# Exercise
From top to bottom, retype the data exactly, passing over any picture.

# Data provided

■ ■ ■

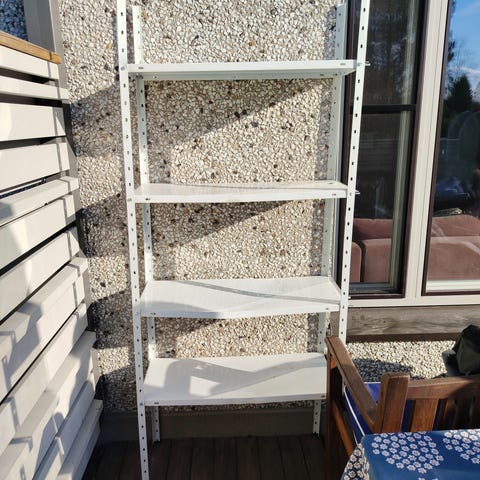 Hyllylevyt heitetty pois kun olivat niin heppoiset. Mutta saa helposti uusittua esm. Vaneriset. Meidän piti uusia mutta hyllyt eivät sovikaan mitoiltaan kaavailtuun tilaan.
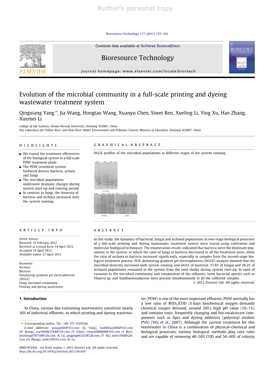 在大多数当前的工业废水处理厂中,通常从市政废水处理厂收集成熟阶段的接种污泥作为接种物。在适应新的废水环境期间,这种污泥经历了微生物群落结构的显着变化,这有时导致系统启动失败。假设主要微生物在系统的每个阶段都发挥着最重要的作用,澄清生物处理过程中的主要微生物组成及其在系统运行中的演化可能有助于理解和解决上述问题。提到的问题。以前许多关于微生物群落动态的研究都集中在功能稳定性和群落稳定性之间的关系,或环境条件对微生物群落结构的影响,以及处理合成废水的实验室规模生物反应器中的关系(Liu等,2011; Hai等,2011)。我们之前关于富含碱性细菌培养物在两个不同的实验室规模反应器中处理真实PDW的能力的研究表明,微生物群落在操作过程中经历了显着的变化而不影响处理效率,并且很少有细菌物种从富集的种子中分离出来的培养物可以在稳定运行的生物反应器中检测到(Yang等,2011)。然而,只有少数研究报道了大规模家庭或工业废水处理系统中的微生物群落动态(Lapara等,2002; Wang等,2011),特别是微生物群落从接种污泥到用于全尺寸PDW处理系统的稳定运行污泥。由于PDW的频繁变化的特征和复杂的组成,PDW处理系统的设计和操作对于理解微生物群落动态与系统启动和稳定运行之间的关系更为重要。本研究采用聚合酶链反应-差热分析(PCR-DGGE)和rRNA基因测序方法,在一套完整的PDW生物处理系统中,对细菌、真菌和古细菌三类微生物的进化过程进行了跟踪研究。本研究结果有望为进一步研究微生物种群在污水处理系统中的作用奠定基础。
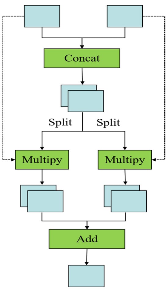 As can be seen from Figure 1, the input images first enter the focus module for slicing. The regions of each slice are staggered at a certain interval to obtain the features after slicing. The feature output after slicing and combining is sent to the CBL module for convolution output; then, it enters the Bottleneck CSP module. The module structure divides the input into two parts. Part of it carries out the feature extraction of the Bottleneck branch. The other part transits through a convolution layer, and finally, it stacks in depth. The main purpose of the CSP structure is to enrich the realization of a feature learning network and reduce the memory occupation by nearly half. Similarly, the output from the first CSP module enters the CBL and CSP modules twice, and the output is bridged to a cascade structure deeper in the network at this moment. Then, it will enter the CBL and SPP modules. Because the input size becomes smaller after convolution at this moment, in particular, the extraction of small target features has gradually become difficult. Therefore, the SPP module was added to increase the maximum pooling operation of slices, and the multiple channels’ characteristics were significantly enhanced. The updated module realizes the high integration of global features and local features, and it enriches the expressive ability of feature maps. The following part is mainly intended to splice the features of the previous convolution operations. Because the input data dimension is different from the output data dimension, the dimension of the output becomes smaller. Starting from the first CSP module, the dimensions are cascaded through convolution, up-sampling, and other operations. The three outputs shown were obtained respectively. Three outputs were convolved as the input of network structure prediction. Three output detection results were obtained respectively. In order to filter the conflict information achieved via different levels of feature map fusion, a feature specify module (FSM) is proposed to replace the original Concat module. The general structure of the FSM is shown in Figure 2.
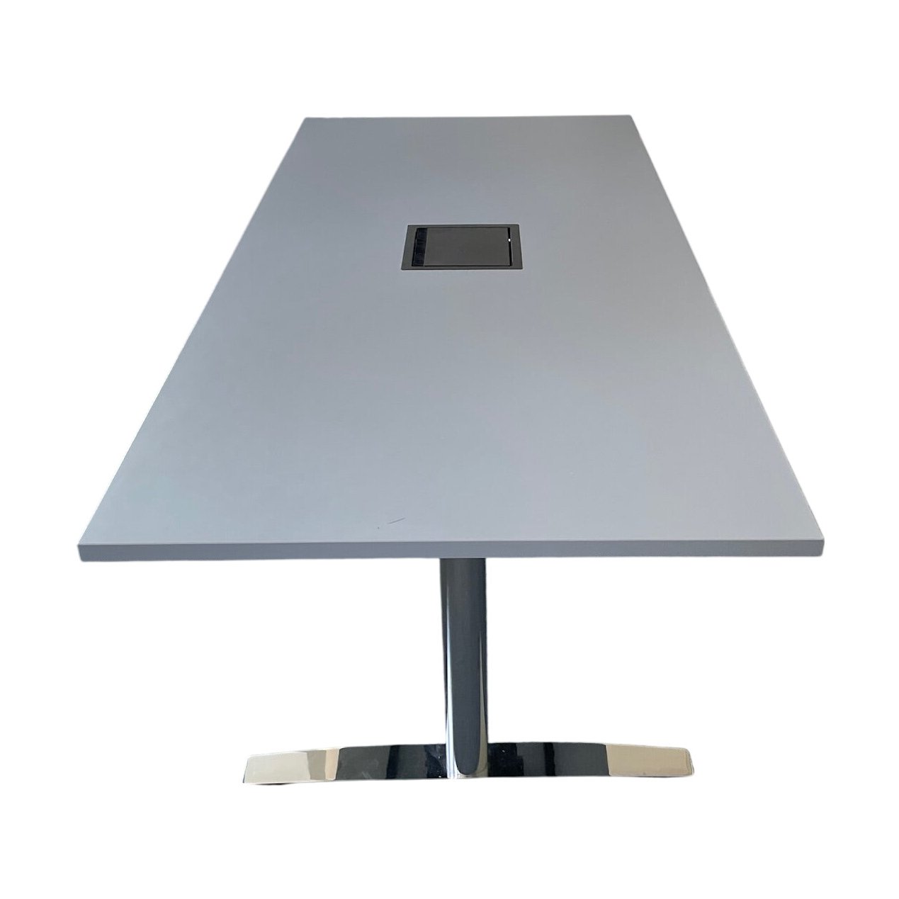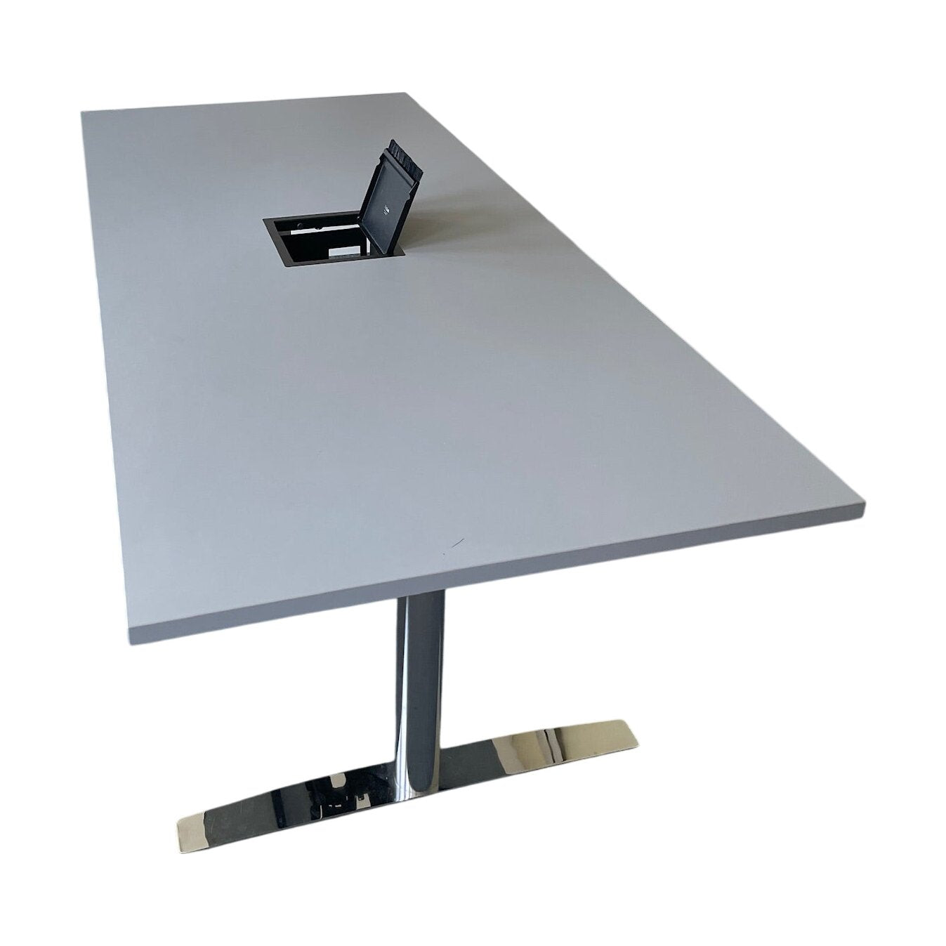 Møtebord med en stilren grå bordplate og en integrert kabelluke for effektivisering av møteopplevelser. Bordets moderne design gjør det ideelt for møterom, kontorer og ulike arbeidsmiljøer.

■ ■ ■

# Solution to the problem
 Hyllylevyt heitetty pois kun olivat niin heppoiset. Mutta saa helposti uusittua esm. Vaneriset. Meidän piti uusia mutta hyllyt eivät sovikaan mitoiltaan kaavailtuun tilaan.
 在大多数当前的工业废水处理厂中,通常从市政废水处理厂收集成熟阶段的接种污泥作为接种物。在适应新的废水环境期间,这种污泥经历了微生物群落结构的显着变化,这有时导致系统启动失败。假设主要微生物在系统的每个阶段都发挥着最重要的作用,澄清生物处理过程中的主要微生物组成及其在系统运行中的演化可能有助于理解和解决上述问题。提到的问题。以前许多关于微生物群落动态的研究都集中在功能稳定性和群落稳定性之间的关系,或环境条件对微生物群落结构的影响,以及处理合成废水的实验室规模生物反应器中的关系(Liu等,2011; Hai等,2011)。我们之前关于富含碱性细菌培养物在两个不同的实验室规模反应器中处理真实PDW的能力的研究表明,微生物群落在操作过程中经历了显着的变化而不影响处理效率,并且很少有细菌物种从富集的种子中分离出来的培养物可以在稳定运行的生物反应器中检测到(Yang等,2011)。然而,只有少数研究报道了大规模家庭或工业废水处理系统中的微生物群落动态(Lapara等,2002; Wang等,2011),特别是微生物群落从接种污泥到用于全尺寸PDW处理系统的稳定运行污泥。由于PDW的频繁变化的特征和复杂的组成,PDW处理系统的设计和操作对于理解微生物群落动态与系统启动和稳定运行之间的关系更为重要。本研究采用聚合酶链反应-差热分析(PCR-DGGE)和rRNA基因测序方法,在一套完整的PDW生物处理系统中,对细菌、真菌和古细菌三类微生物的进化过程进行了跟踪研究。本研究结果有望为进一步研究微生物种群在污水处理系统中的作用奠定基础。
 As can be seen from Figure 1, the input images first enter the focus module for slicing. The regions of each slice are staggered at a certain interval to obtain the features after slicing. The feature output after slicing and combining is sent to the CBL module for convolution output; then, it enters the Bottleneck CSP module. The module structure divides the input into two parts. Part of it carries out the feature extraction of the Bottleneck branch. The other part transits through a convolution layer, and finally, it stacks in depth. The main purpose of the CSP structure is to enrich the realization of a feature learning network and reduce the memory occupation by nearly half. Similarly, the output from the first CSP module enters the CBL and CSP modules twice, and the output is bridged to a cascade structure deeper in the network at this moment. Then, it will enter the CBL and SPP modules. Because the input size becomes smaller after convolution at this moment, in particular, the extraction of small target features has gradually become difficult. Therefore, the SPP module was added to increase the maximum pooling operation of slices, and the multiple channels’ characteristics were significantly enhanced. The updated module realizes the high integration of global features and local features, and it enriches the expressive ability of feature maps. The following part is mainly intended to splice the features of the previous convolution operations. Because the input data dimension is different from the output data dimension, the dimension of the output becomes smaller. Starting from the first CSP module, the dimensions are cascaded through convolution, up-sampling, and other operations. The three outputs shown were obtained respectively. Three outputs were convolved as the input of network structure prediction. Three output detection results were obtained respectively. In order to filter the conflict information achieved via different levels of feature map fusion, a feature specify module (FSM) is proposed to replace the original Concat module. The general structure of the FSM is shown in Figure 2.
 Møtebord med en stilren grå bordplate og en integrert kabelluke for effektivisering av møteopplevelser. Bordets moderne design gjør det ideelt for møterom, kontorer og ulike arbeidsmiljøer.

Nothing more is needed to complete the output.